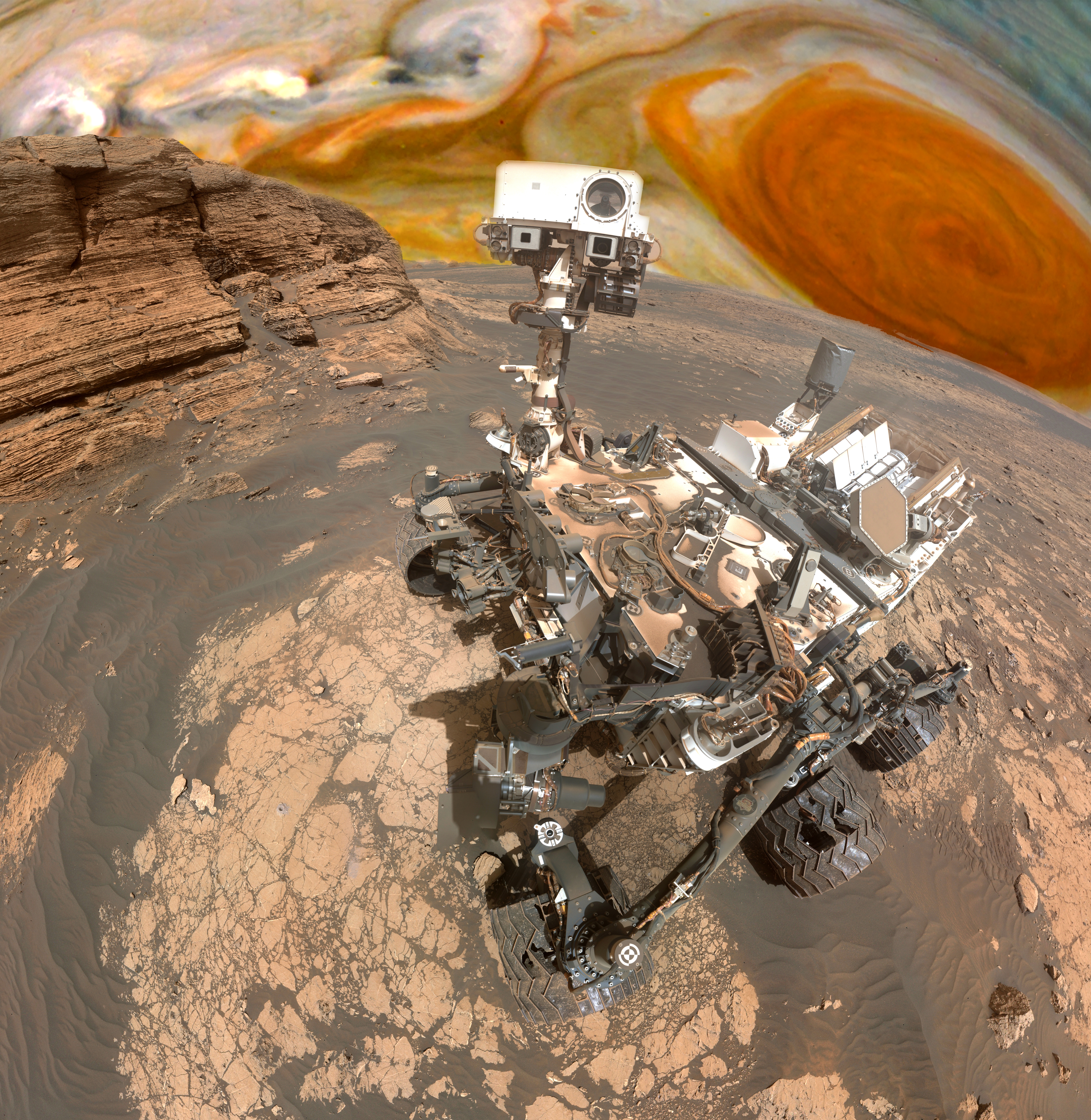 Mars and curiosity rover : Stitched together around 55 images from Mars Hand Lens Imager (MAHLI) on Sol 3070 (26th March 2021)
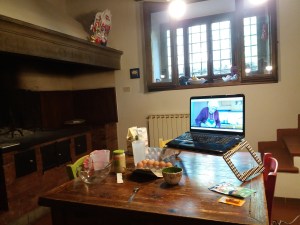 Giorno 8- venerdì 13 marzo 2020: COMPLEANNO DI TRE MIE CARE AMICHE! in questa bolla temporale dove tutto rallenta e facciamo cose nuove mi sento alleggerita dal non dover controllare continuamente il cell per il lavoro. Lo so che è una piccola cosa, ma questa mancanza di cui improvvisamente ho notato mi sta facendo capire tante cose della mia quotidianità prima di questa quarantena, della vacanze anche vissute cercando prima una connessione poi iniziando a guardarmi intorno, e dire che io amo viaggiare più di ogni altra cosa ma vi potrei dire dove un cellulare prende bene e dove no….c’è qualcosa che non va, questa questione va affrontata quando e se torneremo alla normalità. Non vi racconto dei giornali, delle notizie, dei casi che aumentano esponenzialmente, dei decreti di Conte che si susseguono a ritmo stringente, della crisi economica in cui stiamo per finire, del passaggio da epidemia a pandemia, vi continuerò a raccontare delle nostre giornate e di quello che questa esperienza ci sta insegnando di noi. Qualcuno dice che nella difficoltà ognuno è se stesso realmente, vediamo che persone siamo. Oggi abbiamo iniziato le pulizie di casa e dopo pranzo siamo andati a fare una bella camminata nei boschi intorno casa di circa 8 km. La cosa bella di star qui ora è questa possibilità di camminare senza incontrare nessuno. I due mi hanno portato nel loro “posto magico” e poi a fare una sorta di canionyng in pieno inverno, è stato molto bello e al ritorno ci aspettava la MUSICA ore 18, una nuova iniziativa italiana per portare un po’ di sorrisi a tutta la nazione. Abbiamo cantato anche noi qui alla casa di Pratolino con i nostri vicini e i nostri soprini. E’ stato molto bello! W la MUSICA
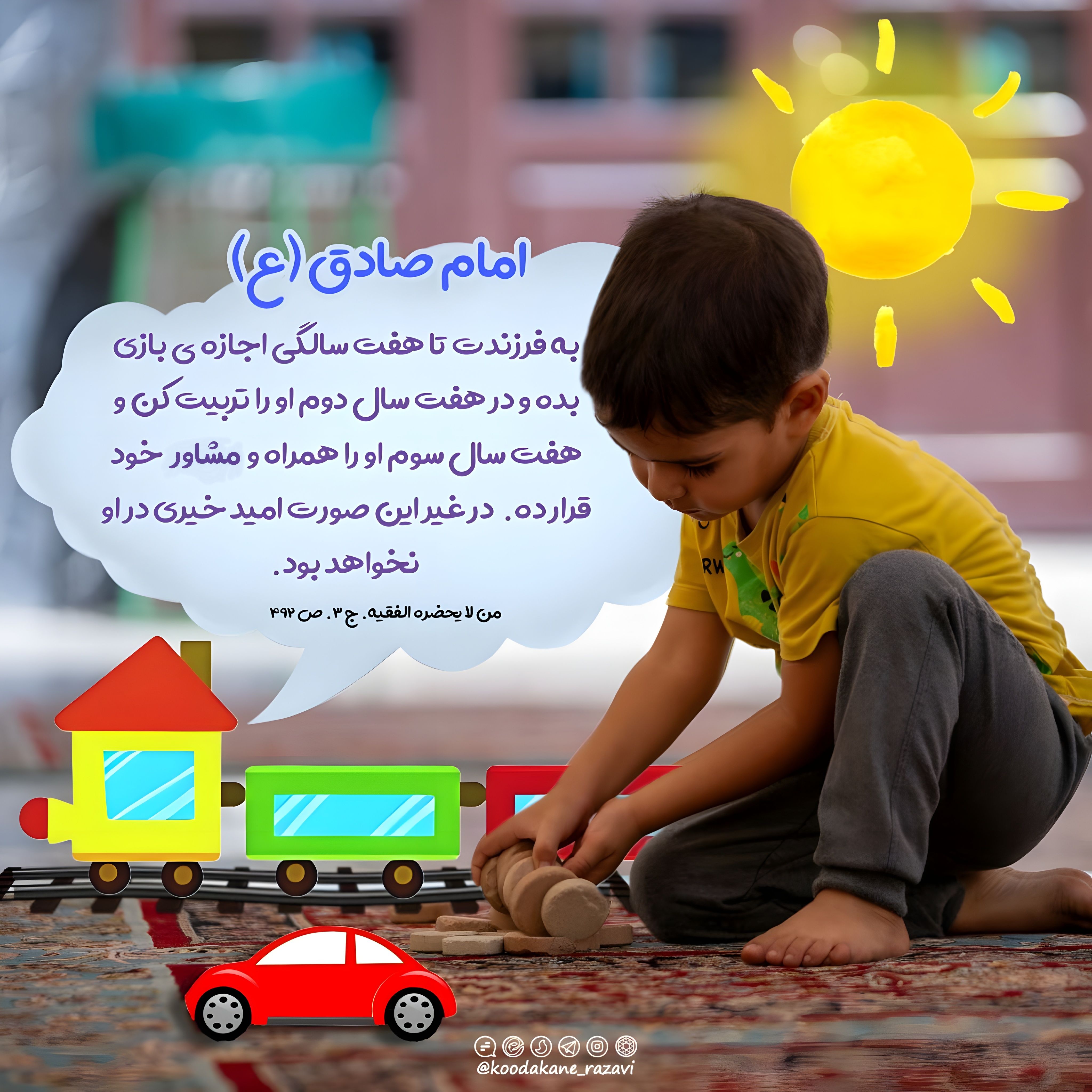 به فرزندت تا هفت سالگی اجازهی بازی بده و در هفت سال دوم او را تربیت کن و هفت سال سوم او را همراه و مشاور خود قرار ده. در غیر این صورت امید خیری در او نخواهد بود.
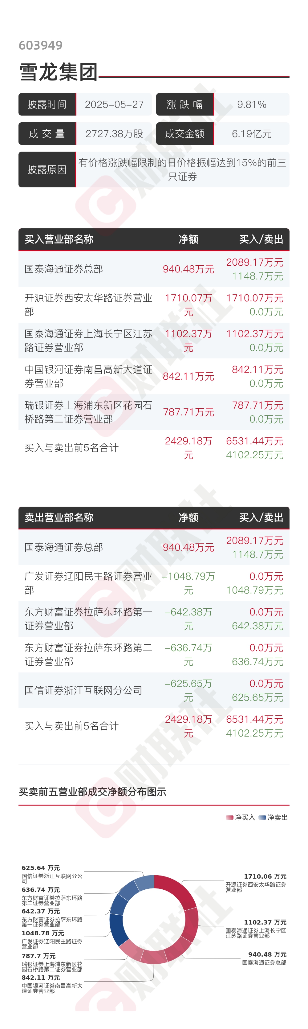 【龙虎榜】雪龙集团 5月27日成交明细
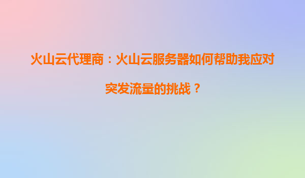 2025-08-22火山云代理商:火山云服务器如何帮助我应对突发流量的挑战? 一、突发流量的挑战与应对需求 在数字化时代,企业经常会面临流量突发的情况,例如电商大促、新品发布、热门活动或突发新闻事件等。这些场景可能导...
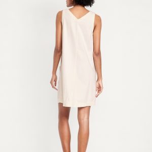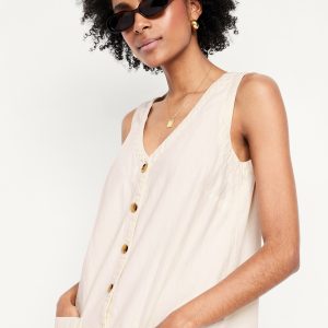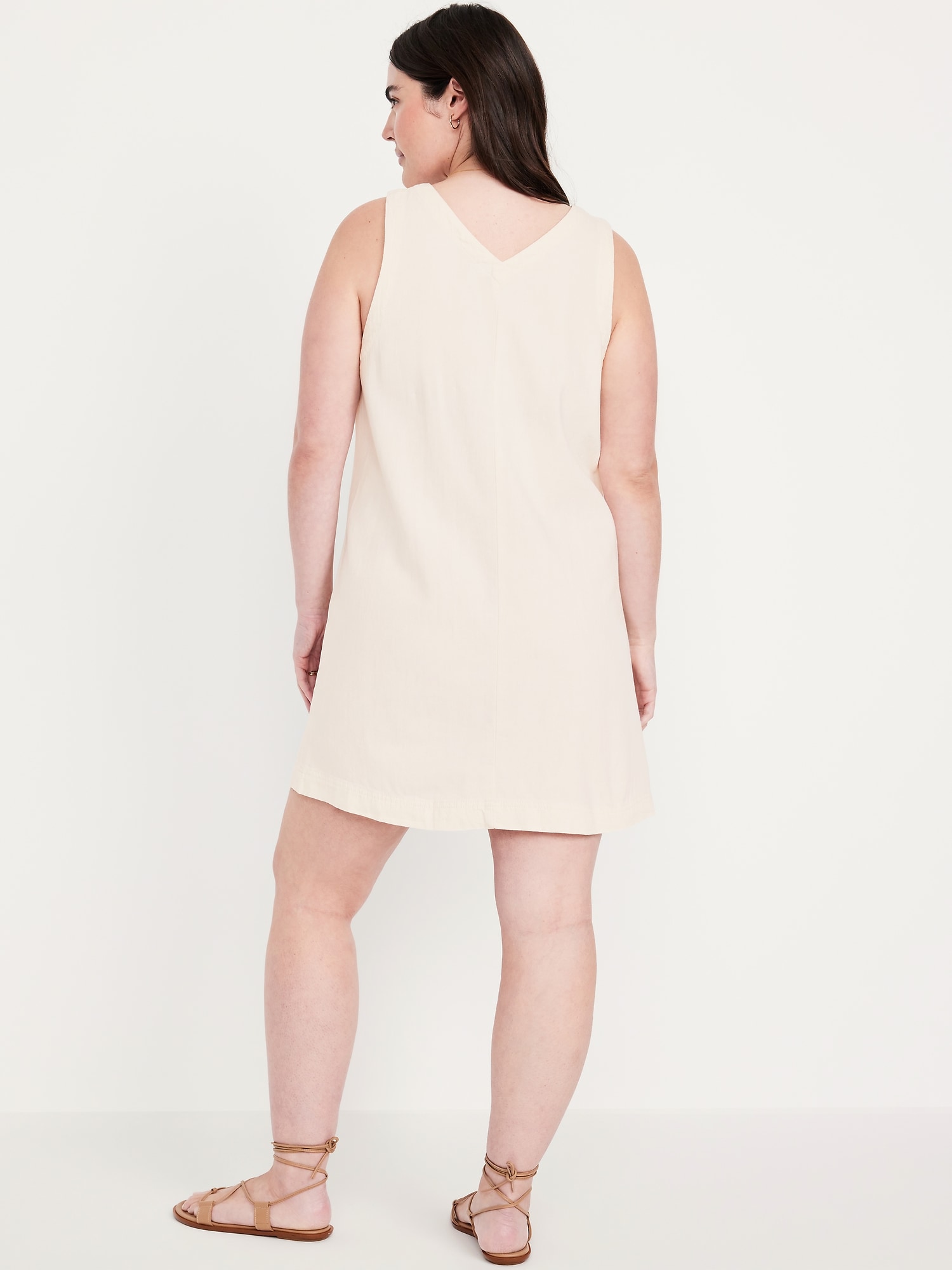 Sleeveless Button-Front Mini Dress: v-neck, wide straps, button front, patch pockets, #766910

## [WHAT THE EXERCISE ASKS]
The full listing, transcribed exactly and without its pictures, is the expected result.

## [EXERCISE SOLUTION]
 Mars and curiosity rover : Stitched together around 55 images from Mars Hand Lens Imager (MAHLI) on Sol 3070 (26th March 2021)
 Giorno 8- venerdì 13 marzo 2020: COMPLEANNO DI TRE MIE CARE AMICHE! in questa bolla temporale dove tutto rallenta e facciamo cose nuove mi sento alleggerita dal non dover controllare continuamente il cell per il lavoro. Lo so che è una piccola cosa, ma questa mancanza di cui improvvisamente ho notato mi sta facendo capire tante cose della mia quotidianità prima di questa quarantena, della vacanze anche vissute cercando prima una connessione poi iniziando a guardarmi intorno, e dire che io amo viaggiare più di ogni altra cosa ma vi potrei dire dove un cellulare prende bene e dove no….c’è qualcosa che non va, questa questione va affrontata quando e se torneremo alla normalità. Non vi racconto dei giornali, delle notizie, dei casi che aumentano esponenzialmente, dei decreti di Conte che si susseguono a ritmo stringente, della crisi economica in cui stiamo per finire, del passaggio da epidemia a pandemia, vi continuerò a raccontare delle nostre giornate e di quello che questa esperienza ci sta insegnando di noi. Qualcuno dice che nella difficoltà ognuno è se stesso realmente, vediamo che persone siamo. Oggi abbiamo iniziato le pulizie di casa e dopo pranzo siamo andati a fare una bella camminata nei boschi intorno casa di circa 8 km. La cosa bella di star qui ora è questa possibilità di camminare senza incontrare nessuno. I due mi hanno portato nel loro “posto magico” e poi a fare una sorta di canionyng in pieno inverno, è stato molto bello e al ritorno ci aspettava la MUSICA ore 18, una nuova iniziativa italiana per portare un po’ di sorrisi a tutta la nazione. Abbiamo cantato anche noi qui alla casa di Pratolino con i nostri vicini e i nostri soprini. E’ stato molto bello! W la MUSICA
 به فرزندت تا هفت سالگی اجازهی بازی بده و در هفت سال دوم او را تربیت کن و هفت سال سوم او را همراه و مشاور خود قرار ده. در غیر این صورت امید خیری در او نخواهد بود.
 【龙虎榜】雪龙集团 5月27日成交明细
 2025-08-22火山云代理商:火山云服务器如何帮助我应对突发流量的挑战? 一、突发流量的挑战与应对需求 在数字化时代,企业经常会面临流量突发的情况,例如电商大促、新品发布、热门活动或突发新闻事件等。这些场景可能导...
 Sleeveless Button-Front Mini Dress: v-neck, wide straps, button front, patch pockets, #766910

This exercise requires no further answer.